Preparing the vegetables and German brats
Begin by washing and cutting the potatoes, peppers and brats. I love to add chopped onion but when I looked in the pantry, I discovered the onion bin empty. Do add them though when you make this dish. Also, if you love sweet potatoes, like I do, you can substitute them for white potatoes or use both.
Place the veggies into a heavy duty baking pan; pour on olive oil and toss to coat. Season with salt, pepper and any other herbs you like.
Add the slices of German brats and make sure everything is in one layer so it all browns nicely. Use two pans if you need because browning happens best when the pan is not crowded.
Give a stir once or twice during roasting allowing all sides to get that great browning.
All done and ready to serve. Add additional salt and pepper, if needed, and enjoy!

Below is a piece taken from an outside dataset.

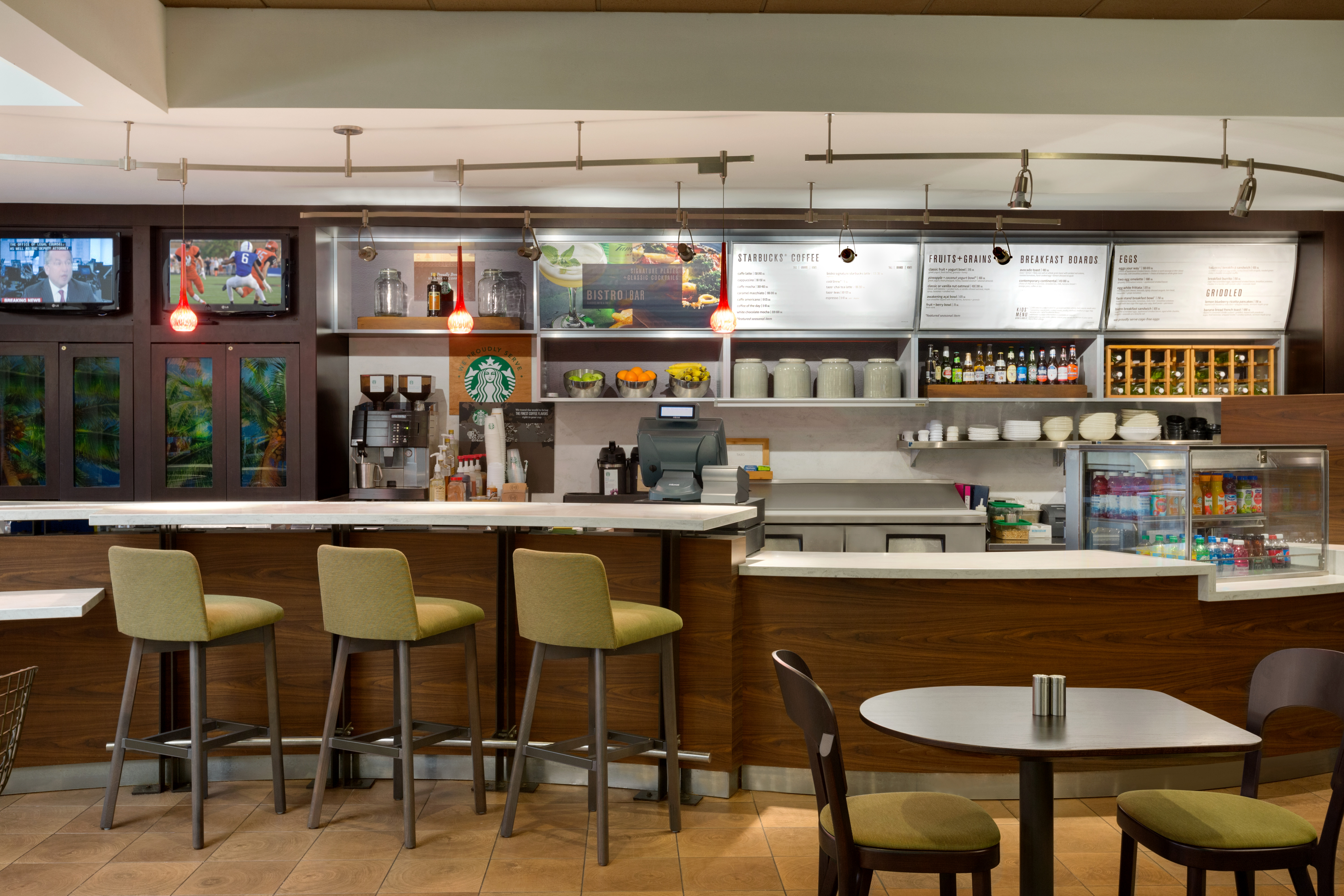 Our newly renovated Courtyard by Marriott Fort Myers Cape Coral boasts newly renovated guest rooms and public spaces ideally situated near pristine Gulf Coast beaches and downtown Fort Myers. Convenient for travelers, our hotel is near the Fort Myers airport, Southwest Florida International (RSW). Explore popular destinations like CenturyLink Sports Complex, Harborside Event Center and Edison Ford Winter Estates. Stay in our Fort Myers hotel near JetBlue Park, home of Boston Red Sox spring training. Start your day satisfied with a tasty breakfast sandwich & specialty Starbucks® beverage at The Bistro, then return for an evening meal paired with bar service. Following an action-packed day, retreat to relaxation in our brand new guest rooms & suites with free high-speed Wi-Fi, modern TVs and signature Marriott bedding. Work up a sweat with a brisk workout in our 24-hour fitness center, then cool down while making a splash in our outdoor pool. Enjoy all the Courtyard Fort Myers Cape Coral hotel has to offer.

Roasted German Brats, Potatoes and Peppers
2 lb potato, peeled and cut into 1 1/2-inch chunks
1 large green bell pepper, cored, seeded and cut into 2-inch pieces
1 large red bell pepper, cored, seeded and cut into 2-inch pieces
1 large onion, large dice
2 Tablespoons olive oil
salt, pepper and other seasonings, as desired
1 lb German brats cut into 1 1/2 – 2-inch pieces
Preheat oven to 400 degrees F.
On a large heavy duty sheet pan, add the vegetables; Drizzle with olive oil and season with salt, pepper and any herbs you might desire. Toss well making sure everything is coated well. Toss in the brats.
Spread the vegetables and German brats in a single layer in one or more large shallow roasting pans; do not crowd them or they will not brown.
Roast in preheated oven, stirring once or twice, for 45 – 50 minutes or until potatoes are tender, browned and crispy.